Becky had little memory of that summer.  Terrified by the prospect of Mr. Peter's spirit following her throughout her life and attacking again and again from the shadows, she retreated from the world with renewed passion and determination.  Helpless and desperate to save their daughter's sanity, her parents put her in a hospital ward for crazy kids.  During that same year, Bobby Randolph was readmitted to a hospital for children with cancer.  He went in, and never came out.

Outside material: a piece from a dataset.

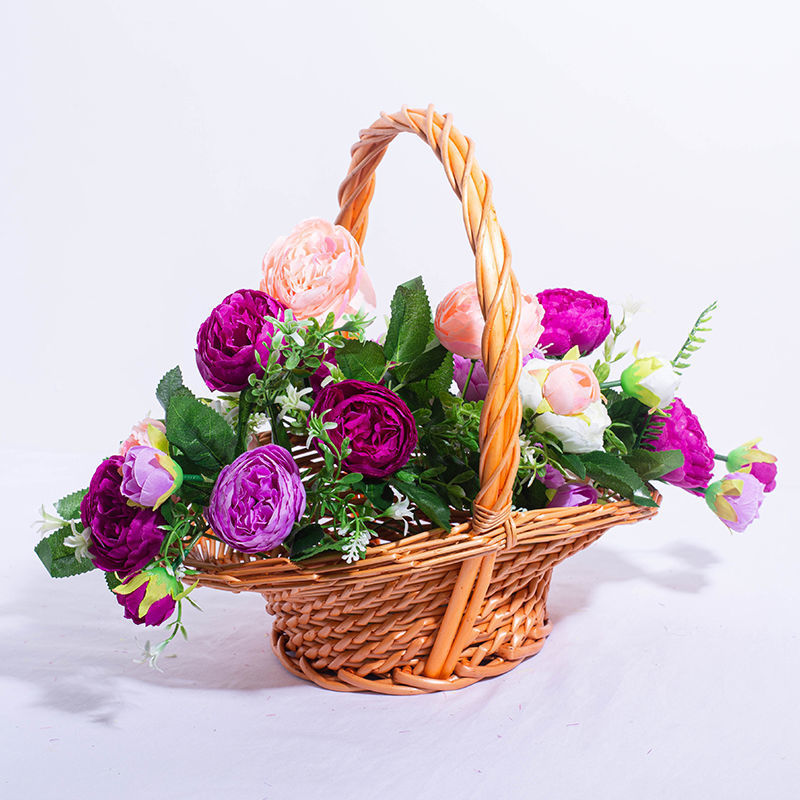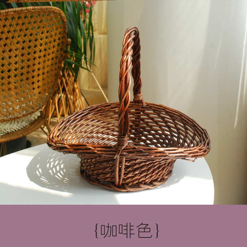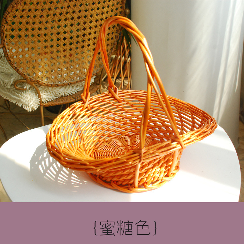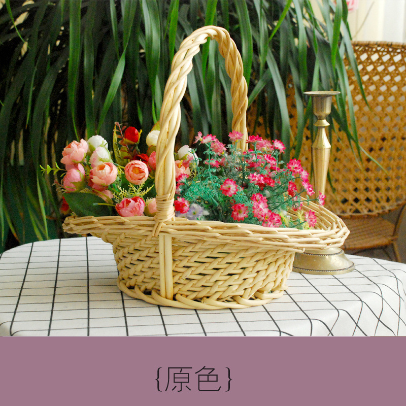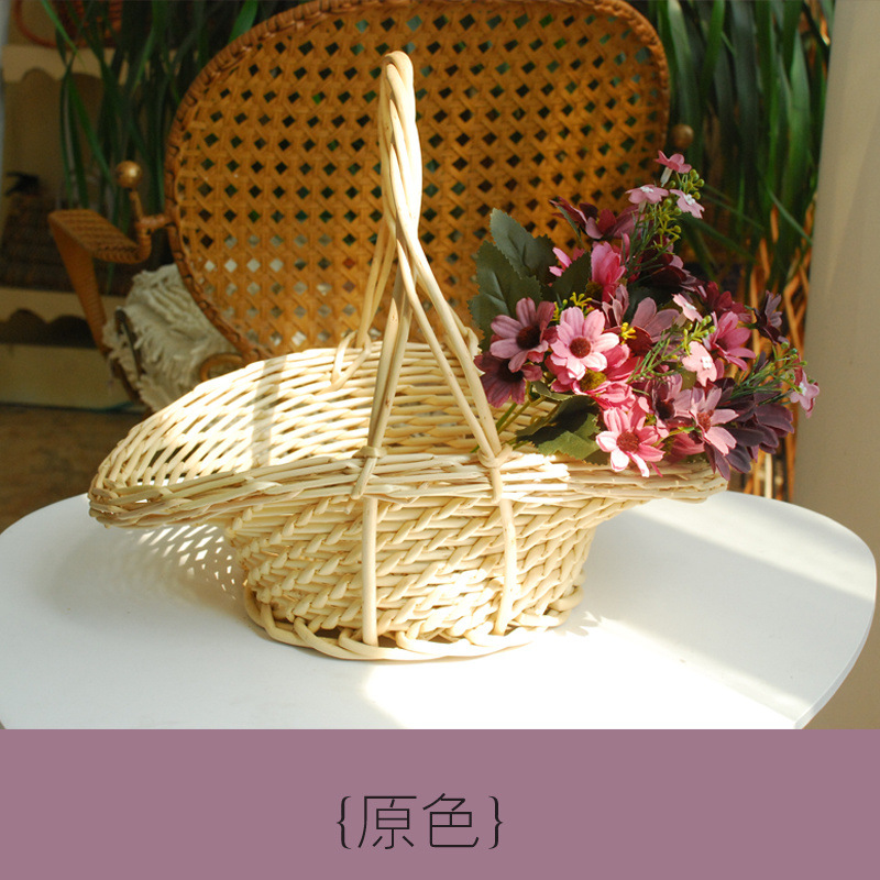 꽃 파란색 짠 바구니 등나무 과일 바구니 춤 사진 소품 휴대용 바구니 꽃 소녀 흩뿌리는 꽃 크고 작은 꽃 바구니 Amazon

Her parents rushed her to the hospital to see Bobby one last time.  It was his dying wish to see her again, to say good-bye to his best friend ever.  But they were too late.  They were putting a sheet over his face when Becky blundered into the room.  They dragged her screaming all the way back to her own special hospital. 

It was then that she turned into a vegetable.  She overheard the reference often enough through her mental fog of apathy.  "Becky's turning into a vegetable!"  Dimly, it amused her.  She thought it appropriate that she should have a choice of the vegetable she was to become.  She chose a turnip.  Turnips were rather unpopular.  As a turnip, perhaps they would quit fussing over her so much.

It was her doctor, young and handsome Dr. Michael Oppenmeier, who suggested a desperate, last-ditched effort to wean her back to reality.  Otherwise, her withdrawal would become a mindset and doom her forever to an autistic existence.  They took her out of the hospital.  They gave her drugs that made her too alert to space out and daydream.

And they enrolled her in Armstrong High.

"Becky," Randolph's ghost said gently.  "What are you doing?"

She smiled.  She was daydreaming regardless.  She floated far above the desolate landscape.  The wind carried her like a lost children's balloon.

Bobby's pale figure was falling away below and behind her.  "Come with me," she said with her eyes on the distant horizon.  "Let's just float forever and never go back."

Bobby was falling away more rapidly now.  "I can't, Becky.  I'm only here because of you, and you won't listen to me."

Becky held out her arms and sailed through the gray skies.  "I'm like you now!  I'm a ghost, too!"

He looked up at her sadly, slowly loosing altitude.  He was being dragged feet first by an invisible force toward the cemetery.  Alarmed, Becky dove after him, remembering that Bobby, too, was helpless against the cruel forces of the world.

"Don't worry!" Becky cried.  "I'll go with you!  We'll be together always!"

With his arms stretched out to her, Bobby was pulled into the ground.  Becky tried to follow him in.  Her feet struck earth and sent her tumbling painfully across the cold ground.  She banged her head against a tombstone and looked up, bewildered.

Robert Randolph it read.  2095-2107 A.D.  Beneath the date was engraved a hand upon a hand.  One of those hands belonged to Bobby.  The other, she remembered, was an imprint of hers.

Sobbing, grieving her loss, Becky Marple tried to claw her way screaming into the earth with her bare fingers.